EXERCISE PROMPT:
I need each line of the entries below that includes the string "black".

Items listed in a dataset:
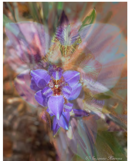
Top: Bullet in Space Right: Walking Iris
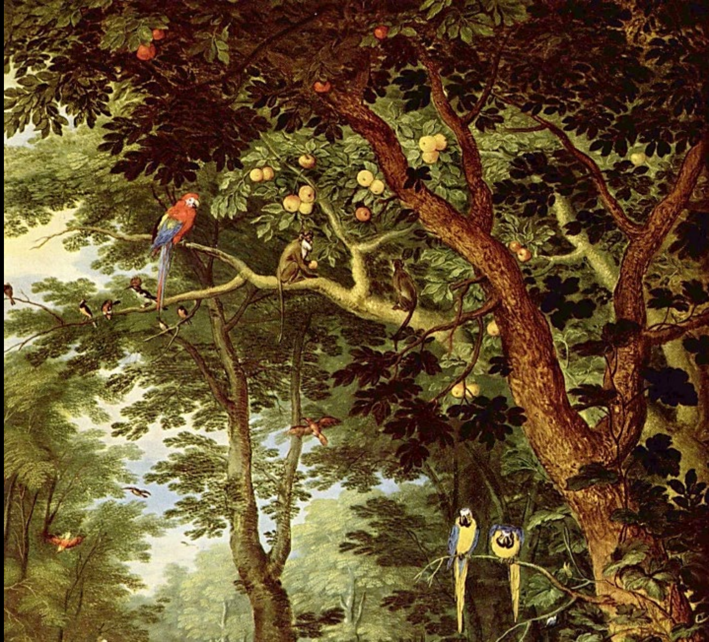
Jan Bruegel -- Paradise, Gemaldegalerie, Berlin, Germany
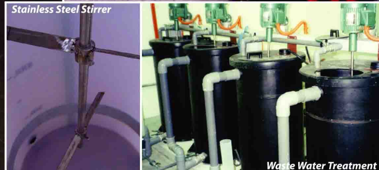
Waste Water Treatment
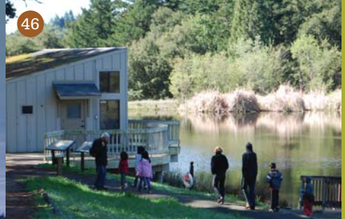
Enhance environmental education centers
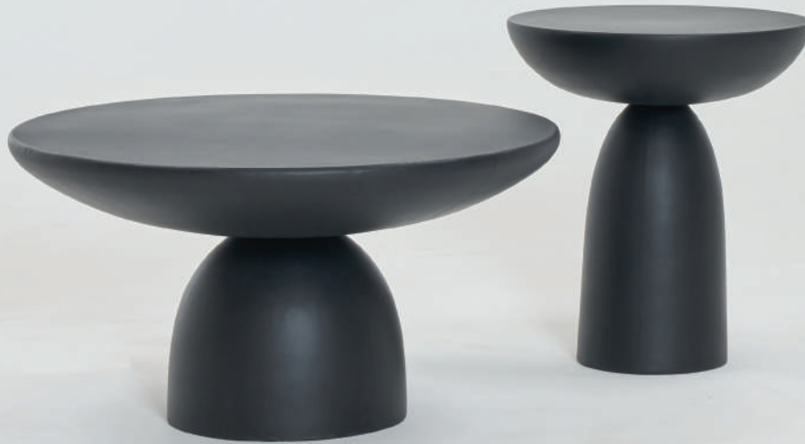
Ramel coffee : black + walnut
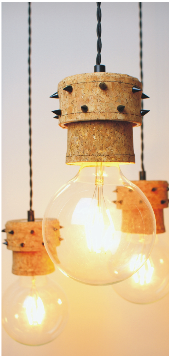
CORKSTAR black , design by Rodrigo Vairinhos
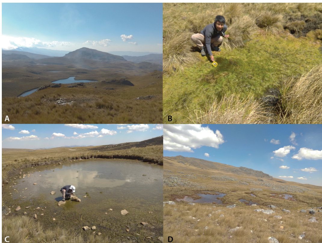
Figure 6. Habitats and landscapes at localities Cajamarca, Cajamarca, Encañada District, Conga, 4030 m [PER_YSM_2018_046] (A, B) and Cajamarca, San Pablo, Tumbaden District, Alto Peru, 3935 m [PER_YSM_2018_51] (C, D).
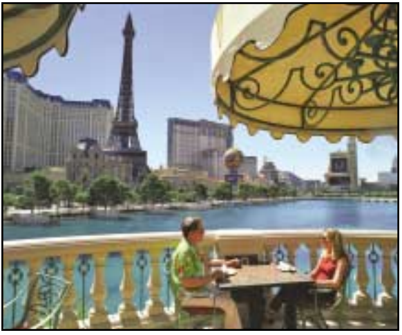
Dining al fresco amid the megahotels on the Strip.

If you want to venture off the Strip, try Rosemary's, a new-American star on the west side; Nobu Matsuhisa's Hard Rock Hotel outlet, Nobu; the Second Street Grill, at the downtown Fremont Hotel; the San Francisco-inspired Triple George Grill; or long-time French favorites Alizé, Pamplemousse, or André's (with the downtown location favored over the Monte Carlo Hotel and Casino branch).
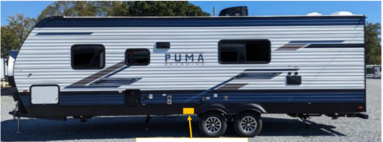
FIGURE 2 – OFF DOOR SIDE
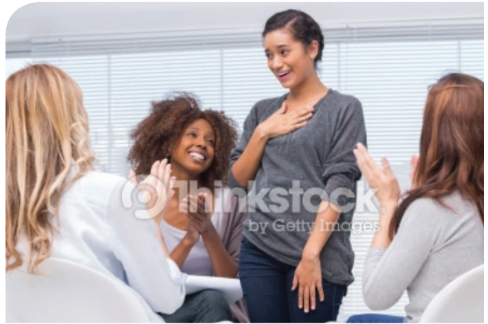
Better diagnosis and treatment can improve mental health among women of reproductive age.

Age 15-44 is considered "reproductive age."
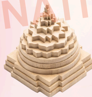
SHRIPARNI SHRI YANTRA 3 INCHES
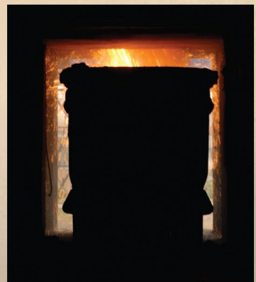
HOT IRON METAL POURING INTO LADLE, CHINESE STEEL MILL
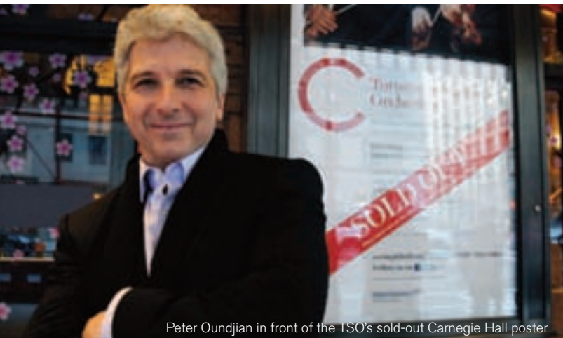
Peter Oundjian in front of the TSO's sold-out Carnegie Hall poster
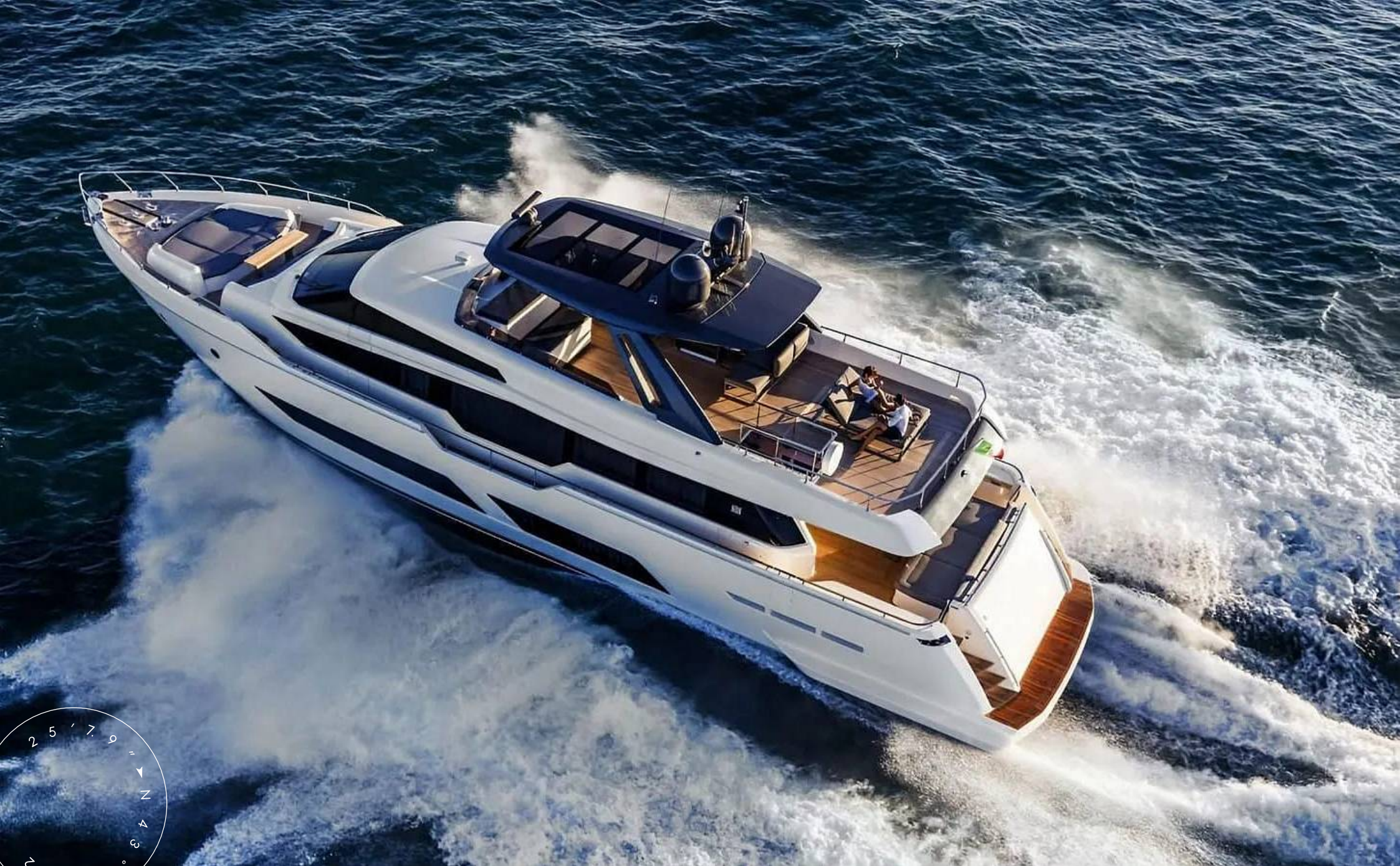
EXTERIOR FERRETTI 850 2019 MY E3

REPLY:
Ramel coffee : black + walnut
CORKSTAR black , design by Rodrigo Vairinhos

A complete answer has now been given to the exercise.